Forming new committees is part of forming a new Board, and effective committees are the secret to an effective Board. But where can you find great committee members in your area, and how can you recruit them?
Your Neighborhood Council’s email list is entirely composed of people who already know and care about your Neighborhood Council, so it’s probably one of the best sources for finding committee members and supporters. You can send a call to action to that list, asking stakeholders to sign up for committees, or become involved with committee businesses by attending committee meetings regularly, and helping with routine tasks. (For example, someone may be too busy to be an official committee member, but they might still sign up to post notices on a committee’s behalf.) Besides increasing committee involvement, an email like this is a great way to remind your stakeholders about when your Neighborhood Council meets and what it does.
You may get the best return on this sort of email if it contains clear “job descriptions,” such as a list of committees and their regular meeting days/times/locations; a brief summary of what each committee does, and a few bullet points about what each committee needs help with. It’s also nice to include a couple words about any big achievements your committees have had in the past.
Organize the incoming data you collect by including a list of what interested stakeholders should put in their responses: their name; phone number; email address; committee they are interested in; role they are interested in; a sentence or two about why they are interested. You can additionally create a form with that sort of list on it, and distribute it to stakeholders at your board meetings, asking them to fill it out and return it at the end of the meeting, if they are interested in participating on one of your committees.

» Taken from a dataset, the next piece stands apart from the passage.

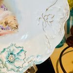 Rare Antique Victorian Bowl featuring a beautifully hand-painted decorative portrait of a lady in the center. This exquisite piece showcases intricate detailing and elegant craftsmanship, reflecting the charm and sophistication of the Victorian era Gold and turquoise detailing accent the rim. A stunning collectible, perfect as a display piece or a unique addition to any antique porcelain collection.

Another good place to find stakeholders who can contribute their expertise to your committees are the business owners who are part of your local Business Improvement District or Chamber of Commerce. There may be a CPA there, for example, who can help with your Budget & Finance Committee. You can also outreach to local colleges and universities with programs in urban planning, public policy, law, marketing, architecture, MBAs, or accounting. (With students, make sure that class times are not a routine conflict for attending board or committee meetings.) And you will additionally find stakeholders who are already engaged with community issues in places such as NextDoor, homeowner associations, Neighborhood Watch groups, churches, and local service organizations.